A rough estimate can be made using the box’s perimeter (2*(Length+Width) in inches) and the target stacking load. However, the only sure way is to test representative samples. Our engineers can help you analyze your typical box sizes and storage conditions to recommend an appropriate machine capacity.

ECT measures the linerboard’s crushing strength perpendicular to the flutes (a material property). BCT measures the finished box’s overall stacking strength (a performance property). While related, BCT is the definitive test for predicting real-world warehouse performance. ECT is used in box strength estimation formulas like McKee.

Absolutely. Our shakers are engineered for seamless integration with thermal chambers (both mechanical convection and liquid-to-liquid) to perform simultaneous vibration and temperature cycling. This CEST capability is crucial for uncovering failures that only occur under combined stresses, which is a requirement in many advanced automotive, aerospace, and defense validation programs.

The basic formula is Force (lbf or N) = Total Moving Mass x Peak Acceleration. The “Total Moving Mass” must include your heaviest Device Under Test (DUT), its fixture, and the shaker armature/head expander. For random vibration, you must calculate using the peak acceleration in the profile, not just the GRMS value. We strongly recommend a safety margin of 30-50% over your calculated peak force to ensure headroom and system longevity. Our engineering team provides free thrust calculations as part of the consultation.

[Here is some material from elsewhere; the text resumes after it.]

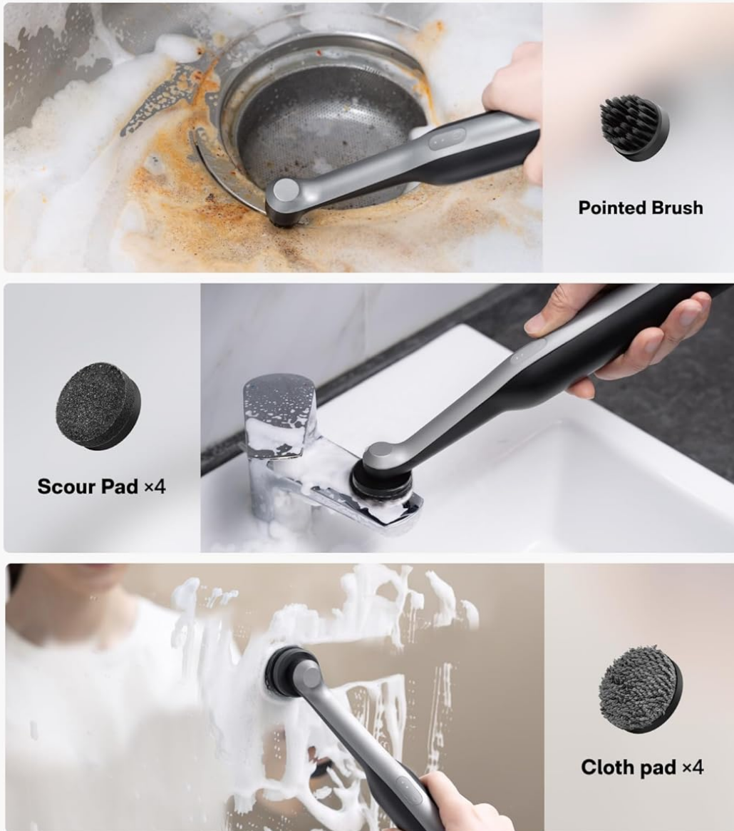
Figure 7: Specialized scrubber attachments for detailed cleaning.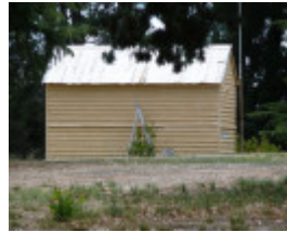
BALLARAT MUNICIPAL OBSERVATORY SOHE 2008

Sine vibration applies a single, controllable frequency at a time, ideal for resonance search and dwell testing to find and stress product weaknesses at specific frequencies. Random vibration simultaneously applies a broad spectrum of frequencies, better simulating real-world environments like transportation or operational stress. Most standards require one or both; our experts can help you define the profile based on your product’s lifecycle and applicable MIL-STD, IEC, or ISO standards.

The frequency of Vibration Testing depends on various factors, including the specific industry standards, the critical nature of the product, and any design changes. Generally, it is advisable to perform vibration tests during the development phase, after significant modifications, and periodically for maintenance to ensure ongoing product reliability.

When selecting a Vibration Test System, consider factors such as the frequency range and acceleration level required for your specific application, the size and weight of the items to be tested, data acquisition capabilities, and the ease of use of the system. It's also important to assess the manufacturer's reputation and customer support services.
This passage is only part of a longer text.